DenseRes-Unet: Segmentation of overlapped/clustered nuclei from multi organ histopathology images

Comput Biol Med. 2022 Apr:143:105267. doi: 10.1016/j.compbiomed.2022.105267. Epub 2022 Jan 25.

Abstract

Cancer is the second deadliest disease globally that can affect any human body organ. Early detection of cancer can increase the chances of survival in humans. Morphometric appearances of histopathology images make it difficult to segment nuclei effectively. We proposed a model to segment overlapped nuclei from H&E stained images. U-Net model achieved state-of-the-art performance in many medical image segmentation tasks; however, we modified the U-Net to learn a distinct set of consistent features. In this paper, we proposed the DenseRes-Unet model by integrating dense blocks in the last layers of the encoder block of U-Net, focused on relevant features from previous layers of the model. Moreover, we take advantage of residual connections with Atrous blocks instead of conventional skip connections, which helps to reduce the semantic gap between encoder and decoder paths. The distance map and binary threshold techniques intensify the nuclei interior and contour information in the images, respectively.
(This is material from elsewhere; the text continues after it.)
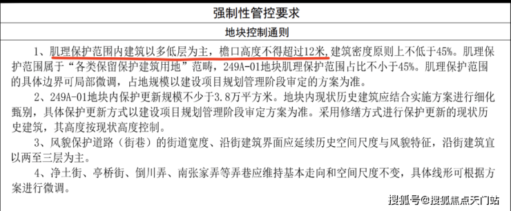 整体地块的强制性管控要求:建筑以多低层为主,檐口高度不得超过12米。

The distance map is used to detect the center point of nuclei; moreover, it differentiates among nuclei interior boundary and core area. The distance map lacks a contour problem, which is resolved by using a binary threshold. Binary threshold helps to enhance the pixels around nuclei. Afterward, we fed images into the proposed DenseRes-Unet model, a deep, fully convolutional network to segment nuclei in the images. We have evaluated our model on four publicly available datasets for Nuclei segmentation to validate the model's performance. Our proposed model achieves 89.77% accuracy 90.36% F1-score, and 78.61% Aggregated Jaccard Index (AJI) on Multi organ Nucleus Segmentation (MoNuSeg).

Keywords: Deep learning; Dense blocks; Histopathology; Nuclei segmentation; Overlapped nuclei; Residual connections.